Shah Syed Mohammed Asrarullah Hussaini Al Maroof Syed Mohammed Imam Ali Shah Naqshbandi, Quadri, Chisthi, Hanafi  Al Baghdadi, popularly known as Imam Ali Shah  (1856 - 1920) was a  sufi saint of his time, who migrated from Damascus, Syria to Berar Province now in Maharashtra, India, and then to Hyderabad Deccan at the age of 18.

He was a descendant of the Islamic prophet Mohammed.
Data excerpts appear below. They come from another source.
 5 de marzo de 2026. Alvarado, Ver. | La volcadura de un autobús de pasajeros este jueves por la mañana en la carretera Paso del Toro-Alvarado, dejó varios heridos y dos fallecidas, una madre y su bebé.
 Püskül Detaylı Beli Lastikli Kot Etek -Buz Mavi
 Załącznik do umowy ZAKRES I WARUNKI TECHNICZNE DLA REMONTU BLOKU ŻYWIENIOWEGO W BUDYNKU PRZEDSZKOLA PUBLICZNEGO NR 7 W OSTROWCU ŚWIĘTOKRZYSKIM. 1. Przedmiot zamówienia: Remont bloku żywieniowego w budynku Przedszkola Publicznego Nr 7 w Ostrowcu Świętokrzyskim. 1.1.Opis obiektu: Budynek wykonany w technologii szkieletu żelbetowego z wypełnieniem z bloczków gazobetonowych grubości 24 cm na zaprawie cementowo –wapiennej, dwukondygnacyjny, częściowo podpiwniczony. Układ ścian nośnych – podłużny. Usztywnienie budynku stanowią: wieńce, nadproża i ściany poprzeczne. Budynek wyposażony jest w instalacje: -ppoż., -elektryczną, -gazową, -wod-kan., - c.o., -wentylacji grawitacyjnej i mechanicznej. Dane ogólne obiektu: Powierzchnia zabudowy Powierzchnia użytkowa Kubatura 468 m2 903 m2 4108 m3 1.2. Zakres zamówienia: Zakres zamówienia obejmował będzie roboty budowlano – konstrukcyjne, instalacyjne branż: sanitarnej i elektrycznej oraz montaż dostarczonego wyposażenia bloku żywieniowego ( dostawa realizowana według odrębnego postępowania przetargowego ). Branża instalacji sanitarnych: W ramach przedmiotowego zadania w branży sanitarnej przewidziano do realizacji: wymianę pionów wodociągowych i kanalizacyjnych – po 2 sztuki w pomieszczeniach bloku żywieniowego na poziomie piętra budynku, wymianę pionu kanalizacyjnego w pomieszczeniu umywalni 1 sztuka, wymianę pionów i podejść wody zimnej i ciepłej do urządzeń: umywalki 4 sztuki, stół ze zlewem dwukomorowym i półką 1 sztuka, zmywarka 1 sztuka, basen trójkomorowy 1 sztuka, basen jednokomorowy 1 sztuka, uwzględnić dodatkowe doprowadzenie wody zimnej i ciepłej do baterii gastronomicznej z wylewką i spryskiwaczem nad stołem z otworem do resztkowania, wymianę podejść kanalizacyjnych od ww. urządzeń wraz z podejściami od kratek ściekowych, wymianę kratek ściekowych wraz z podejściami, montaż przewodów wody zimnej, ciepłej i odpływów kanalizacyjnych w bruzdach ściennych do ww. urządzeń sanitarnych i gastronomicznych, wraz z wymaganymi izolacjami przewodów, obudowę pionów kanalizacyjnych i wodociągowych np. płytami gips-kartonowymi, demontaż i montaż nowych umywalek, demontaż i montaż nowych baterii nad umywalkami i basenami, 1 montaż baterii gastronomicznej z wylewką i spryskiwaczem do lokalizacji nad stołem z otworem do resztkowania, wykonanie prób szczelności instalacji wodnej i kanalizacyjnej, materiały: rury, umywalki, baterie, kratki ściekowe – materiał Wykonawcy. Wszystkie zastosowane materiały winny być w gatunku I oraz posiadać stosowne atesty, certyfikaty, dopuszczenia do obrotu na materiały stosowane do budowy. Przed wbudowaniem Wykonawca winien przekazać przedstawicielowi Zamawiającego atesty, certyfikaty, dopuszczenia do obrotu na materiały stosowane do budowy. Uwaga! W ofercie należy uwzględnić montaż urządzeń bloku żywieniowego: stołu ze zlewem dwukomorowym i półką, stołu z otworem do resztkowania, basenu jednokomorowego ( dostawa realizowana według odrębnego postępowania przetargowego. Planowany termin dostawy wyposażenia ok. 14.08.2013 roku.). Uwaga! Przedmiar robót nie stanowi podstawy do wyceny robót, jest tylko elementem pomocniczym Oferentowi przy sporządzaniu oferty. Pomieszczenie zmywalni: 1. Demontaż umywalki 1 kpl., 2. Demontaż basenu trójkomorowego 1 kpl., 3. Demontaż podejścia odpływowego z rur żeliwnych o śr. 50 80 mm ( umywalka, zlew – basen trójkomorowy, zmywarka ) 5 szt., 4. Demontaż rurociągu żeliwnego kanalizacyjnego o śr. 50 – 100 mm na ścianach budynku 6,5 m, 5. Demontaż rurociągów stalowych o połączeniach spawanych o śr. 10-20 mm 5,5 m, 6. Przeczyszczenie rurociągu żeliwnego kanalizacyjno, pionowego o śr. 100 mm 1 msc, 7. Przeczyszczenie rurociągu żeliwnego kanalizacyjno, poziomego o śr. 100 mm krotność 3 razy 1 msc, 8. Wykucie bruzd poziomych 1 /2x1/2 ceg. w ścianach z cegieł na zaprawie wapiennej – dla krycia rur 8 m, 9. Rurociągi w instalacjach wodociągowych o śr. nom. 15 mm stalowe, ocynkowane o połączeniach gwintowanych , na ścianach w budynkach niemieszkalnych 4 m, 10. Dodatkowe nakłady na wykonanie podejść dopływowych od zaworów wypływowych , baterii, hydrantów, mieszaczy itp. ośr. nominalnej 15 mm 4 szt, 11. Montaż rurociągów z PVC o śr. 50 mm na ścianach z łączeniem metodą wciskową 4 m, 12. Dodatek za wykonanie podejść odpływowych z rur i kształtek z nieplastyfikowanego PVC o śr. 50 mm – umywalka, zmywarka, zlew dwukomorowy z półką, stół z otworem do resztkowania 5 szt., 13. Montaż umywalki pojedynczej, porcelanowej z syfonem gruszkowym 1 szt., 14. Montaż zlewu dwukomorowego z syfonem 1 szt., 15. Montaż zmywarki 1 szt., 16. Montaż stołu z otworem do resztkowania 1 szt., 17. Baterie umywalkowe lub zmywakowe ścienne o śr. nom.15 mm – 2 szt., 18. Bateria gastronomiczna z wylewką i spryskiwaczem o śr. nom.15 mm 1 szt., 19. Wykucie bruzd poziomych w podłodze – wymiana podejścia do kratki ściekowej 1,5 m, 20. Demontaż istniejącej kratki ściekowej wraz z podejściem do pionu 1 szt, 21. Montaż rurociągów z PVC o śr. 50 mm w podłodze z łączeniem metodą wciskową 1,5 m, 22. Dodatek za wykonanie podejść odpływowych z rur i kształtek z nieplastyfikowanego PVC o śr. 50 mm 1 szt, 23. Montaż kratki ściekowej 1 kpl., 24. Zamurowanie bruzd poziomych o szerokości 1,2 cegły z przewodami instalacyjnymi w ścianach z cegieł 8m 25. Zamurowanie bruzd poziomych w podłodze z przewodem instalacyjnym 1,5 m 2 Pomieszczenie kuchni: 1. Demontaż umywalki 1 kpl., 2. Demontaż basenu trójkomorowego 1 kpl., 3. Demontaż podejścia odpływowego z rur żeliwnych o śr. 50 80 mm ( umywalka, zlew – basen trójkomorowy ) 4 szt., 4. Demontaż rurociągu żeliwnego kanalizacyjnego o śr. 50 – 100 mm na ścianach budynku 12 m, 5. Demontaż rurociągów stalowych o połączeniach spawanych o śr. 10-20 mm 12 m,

He laid the foundation and constructed Masjid-e-Baghdadi also known as Tek-ki-Masjid which stands still in Nampally, Hyderabad, Andhra Pradesh, India.

His dargah or shrine is attached to the same Masjid.

The annual Urs takes place on 4th Jumada al-thani every year of the Islamic calendar.

It is an Andhra Pradesh State Wakf Board Registered Dargah.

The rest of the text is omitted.